About this exercise:
Exactly the lines from the start of the entries through the line with "A classic crab" are required in the output, with no pictures among them.

Stored items from a collection:
=== Section Start ===

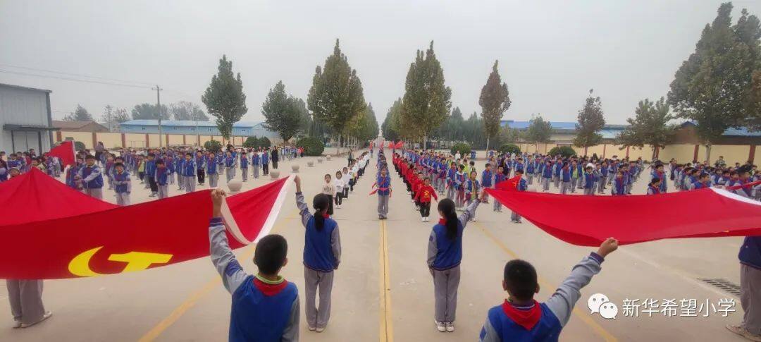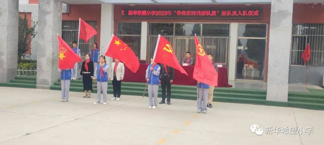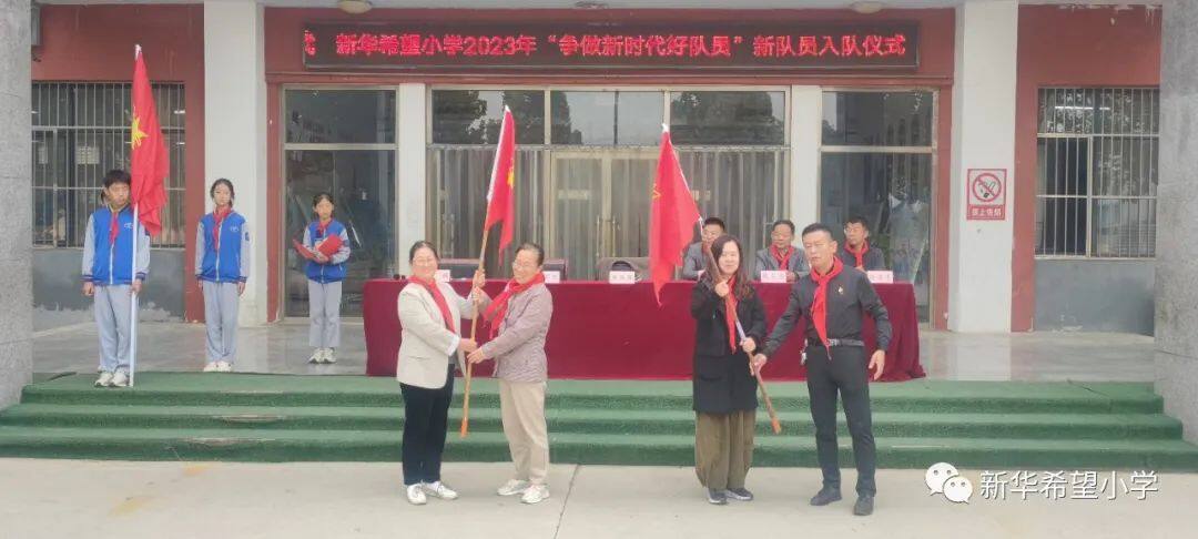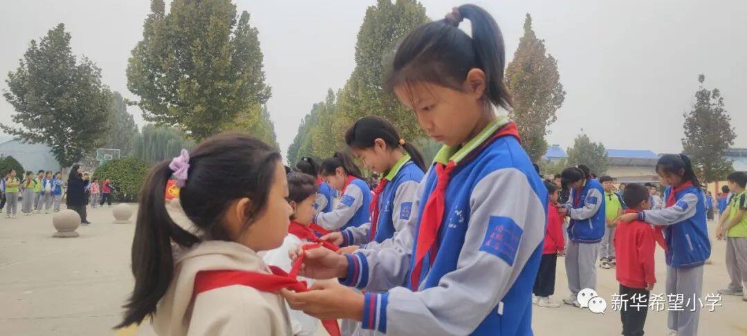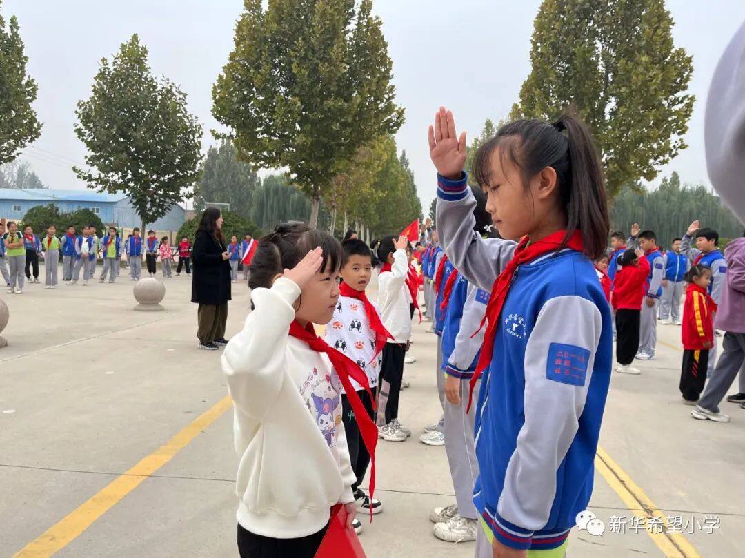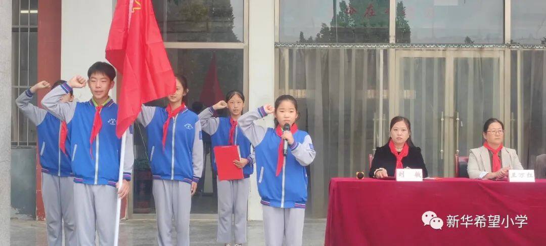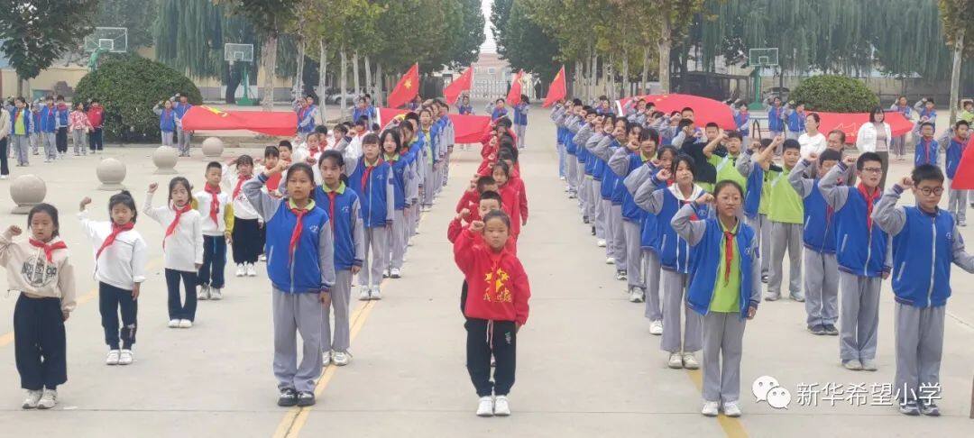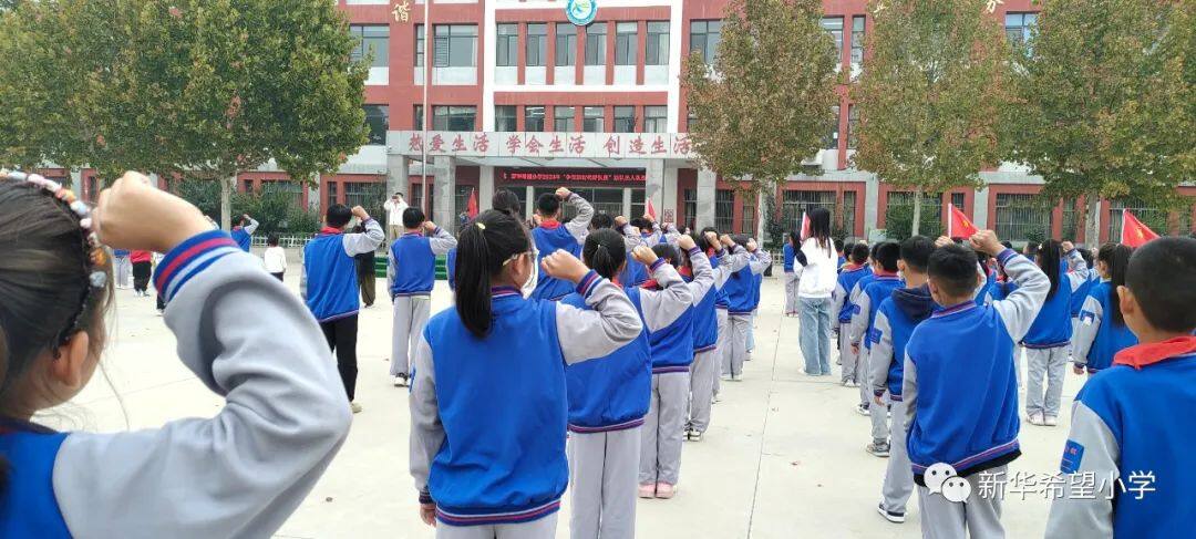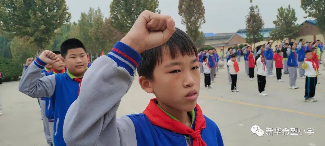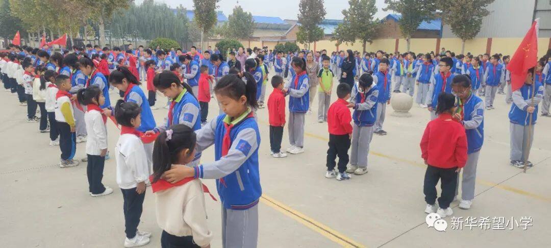 在少先队建队日来临之际,新华希望小学开展了“争做新时代好队员——庆祝少先队建队74周年暨新队员入队仪式”活动。30名新队员为少先队注入了新活力,全体老队员参与活动,预示着我校少先队事业薪火相传、生生不息。
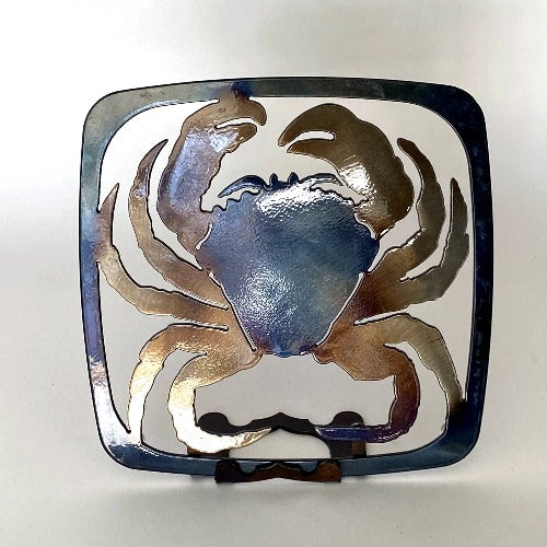 A classic crab centers this shoreline-inspired design for a trivet. This metal art piece is...
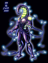 -This type wasn't designed for physical strength, so it only has the equivalent strength of 30 men. Instead, this type was designed to produce up to Two million volts, a total of two Giga Watts of power, of bio-electricity that it could direct on any target within reach of its whip like tendrils. A side affect of this power gave this type the ability to hover in mid air and fly short distances, due to an air ionization effect. -Durability is barely above the norm for a low level zoanoid as this type was never meant to go into battle alone. Instead it was designed to have a symbiotic relationship with the Zektole type, supplimenting the Zektoles power with its bio-energy. -Ground Speed=0-60 MPH / Air Speed=0-10 MPH. -Recent advances in Chronos
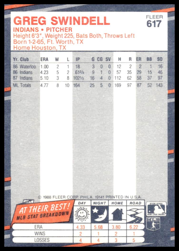 This Baseball card, from 1988 is part of the Fleer  card set. Greg Swindell is featured and has a card number of 617.
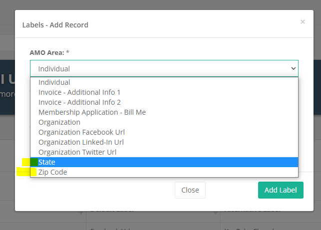 There are now new labels for Zip & State to relabel those areas throughout AMO to accommodate the International Associations

=== Section End ===

Result for this task:
 在少先队建队日来临之际,新华希望小学开展了“争做新时代好队员——庆祝少先队建队74周年暨新队员入队仪式”活动。30名新队员为少先队注入了新活力,全体老队员参与活动,预示着我校少先队事业薪火相传、生生不息。
 A classic crab centers this shoreline-inspired design for a trivet. This metal art piece is...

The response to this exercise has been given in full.